The study demonstrates a defensive targeting concept: by programming MSCs with a modular Notch-core-based synthetic receptor, therapeutic payload production (endostatin) occurs only upon direct contact with Her2+ tumor cells, minimizing exposure in healthy tissues. This approach addresses limitations of conventional targeting strategies that still leave substantial drug in non-tumor compartments due to biological barriers. The Notch-core’s tension-dependent activation confers contact-dependent specificity, reducing risks of remote, cytokine-mediated off-target activation and leakage. Functionally, iMSCEndostatin showed precise tumor recognition, selective activation, and sustained, periodic secretion of an anti-angiogenic payload, achieving inhibition of endothelial proliferation and angiogenesis in vitro and reduced tumor growth and vascularization in vivo, with no observed cardiotoxicity. The system’s modularity suggests adaptability: different recognition domains could target diverse tumor antigens, and response modules could drive alternative therapeutics. Moreover, orthogonal transcription systems could enable multiplexed programs for more complex logic and enhanced safety. Collectively, the findings validate that restricting drug deployment to lesions can lock therapeutic toxicity within tumors and reduce systemic side effects.
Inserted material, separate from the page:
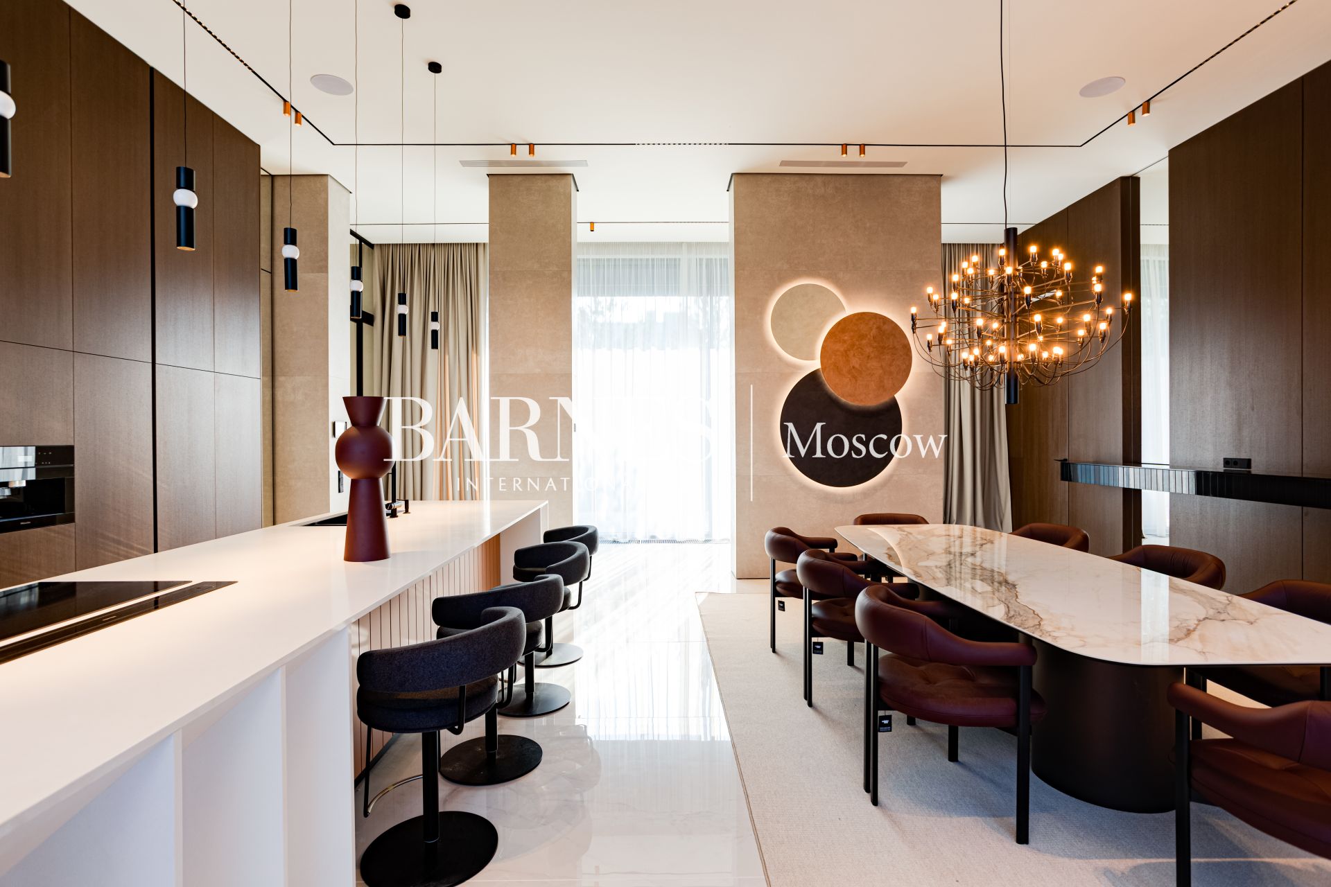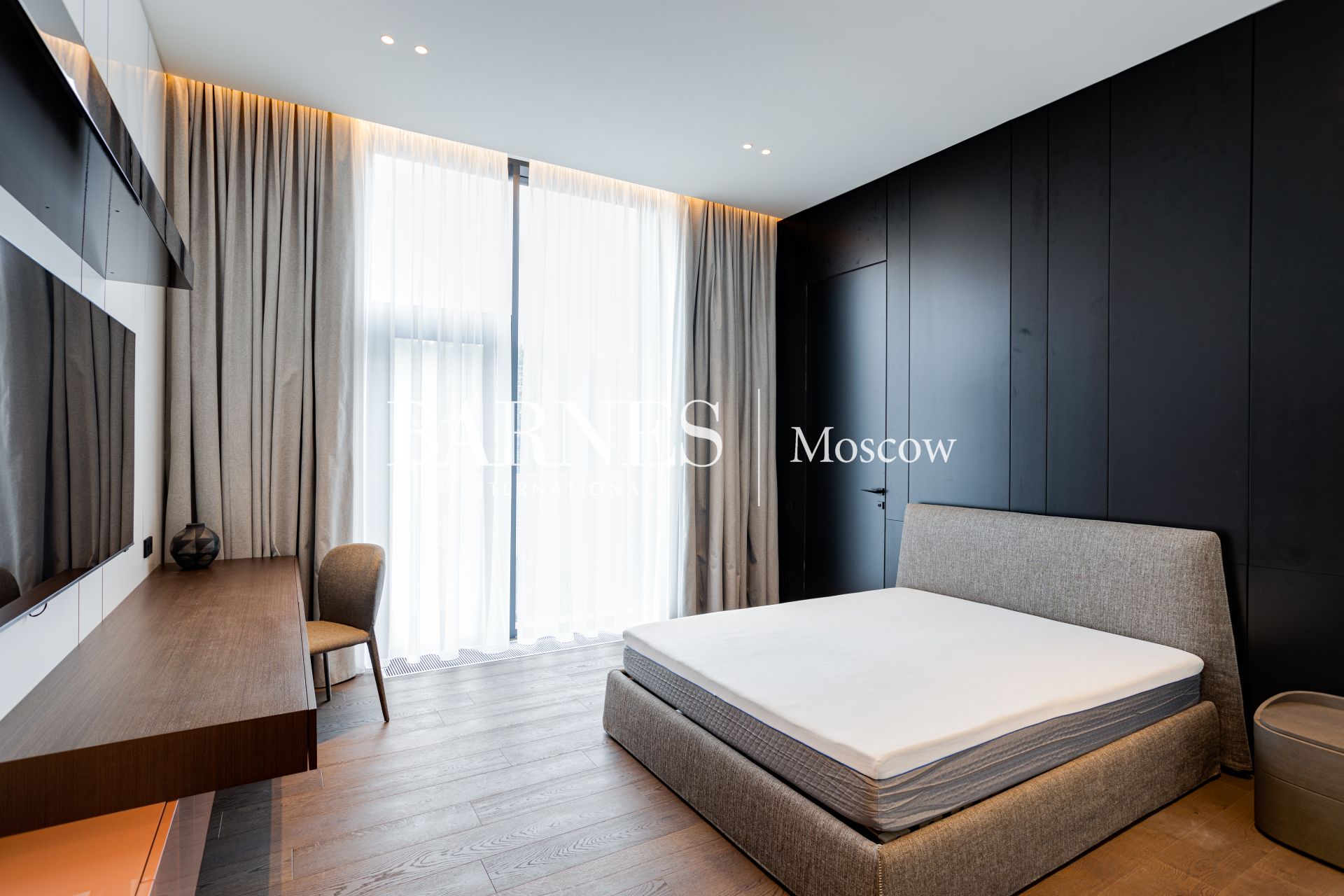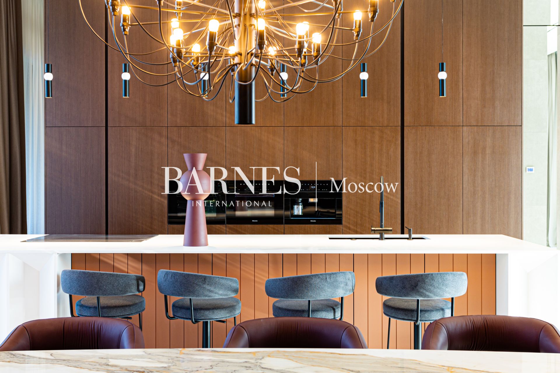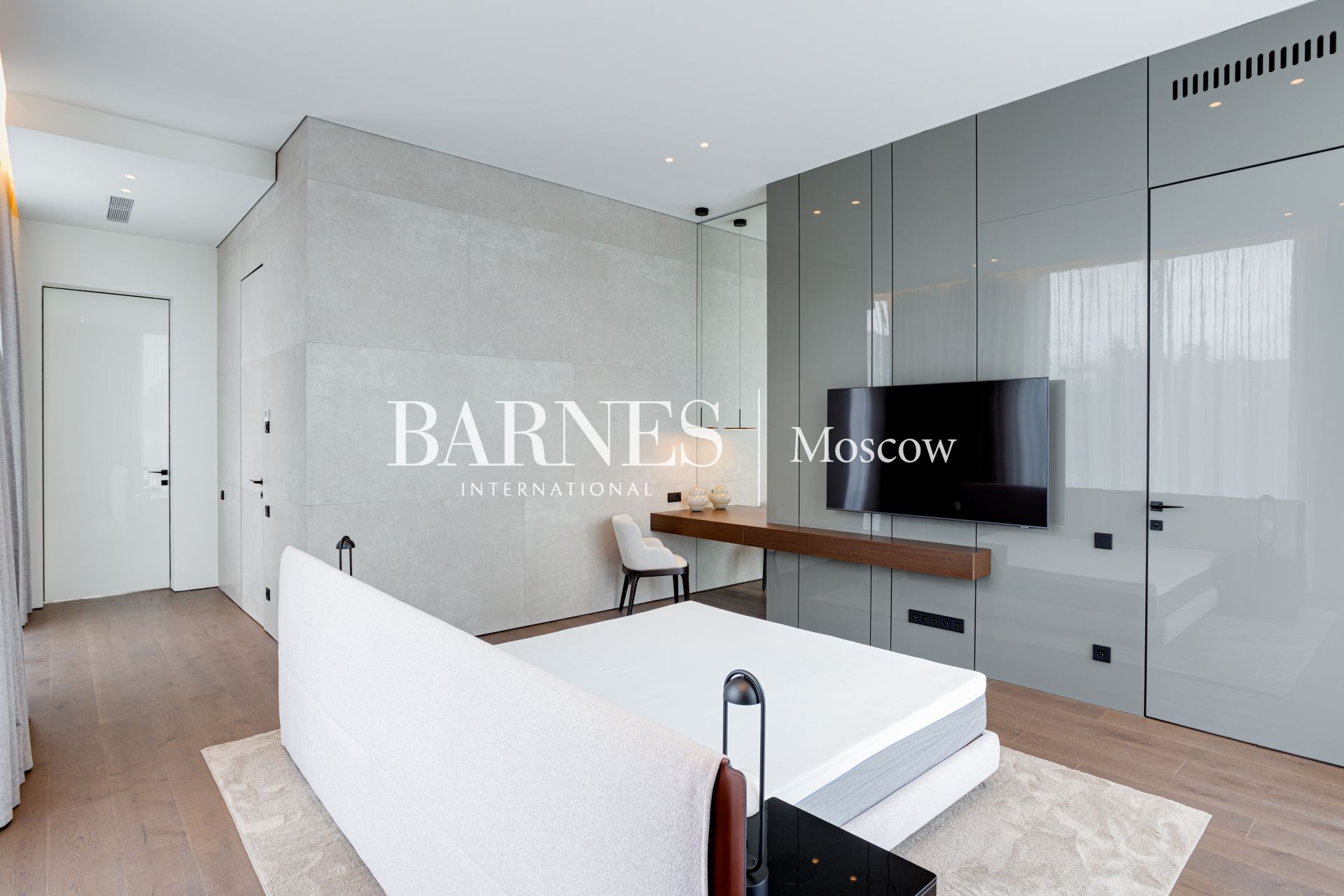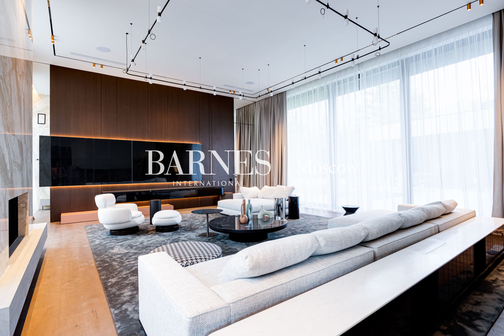 В отделке фасадов применена крупноформатная керамика LAMINAM контрастных цветов и разноширокий термированный планкен. Большие площади остекления визуально связывают внутреннее пространство дома с улицей. Во внутренней отделке дома применяются качественные отделочные материалы - инженерная доска FINEX, керамика LAMINAM, натуральный камень, столярные изделия и панели, двери UNION. Дом оборудован приточно-вытяжной системой с канальным кондиционированием воздуха. В котельной установлены котлы Viessman. Мебель - MINOTTI, POLIFORM, MERIDIANI, Cattelan Italia. Освещение - CENTRSVET, Flos, Vibia. Сантехника - HANSGROHE, Villeroy&Boch, Salini. Бытовая техника - Miele, ASKO.

This work introduces iMSCEndostatin, an MSC-based intelligent drug that couples synNotch-like tumor recognition (Her2-affibody) to inducible secretion of endostatin, embodying a defensive targeting strategy. It selectively activates at Her2+ tumor sites, discriminates against normal cells, produces and secretes endostatin with defined kinetics, inhibits angiogenesis, and suppresses tumor growth in vivo without detectable cardiotoxicity. The platform’s modular design enables reprogramming of both inputs (tumor antigens) and outputs (therapeutic payloads), supporting personalized and multiplexed therapies. Future research should expand to additional tumor targets and payloads, optimize activation kinetics and secretion rates, evaluate long-term persistence and immunogenicity, implement multi-input safety logic, and conduct comprehensive preclinical toxicology and biodistribution studies to advance toward clinical translation.

- Scope limited to Her2+ models (BT474, Skov3, engineered Emt-6); generalizability to other tumor types and heterogeneous antigen expression remains to be shown. - Activation kinetics are relatively slow (onset ~12 h, peak ~48 h), which may limit applicability in rapidly progressing contexts. - Quantified endostatin output per cell is low on a per-cell basis; scaling to therapeutic levels relies on large cell numbers and persistence, which were not fully optimized. - Animal studies used small cohorts (n=5) without a priori power calculations; longer-term efficacy, biodistribution, and safety (including immunogenicity of synthetic receptors and secreted proteins) were not extensively characterized. - Normal tissue off-target activation was tested in selected cell types; comprehensive profiling across diverse tissues and inflammatory conditions is still needed.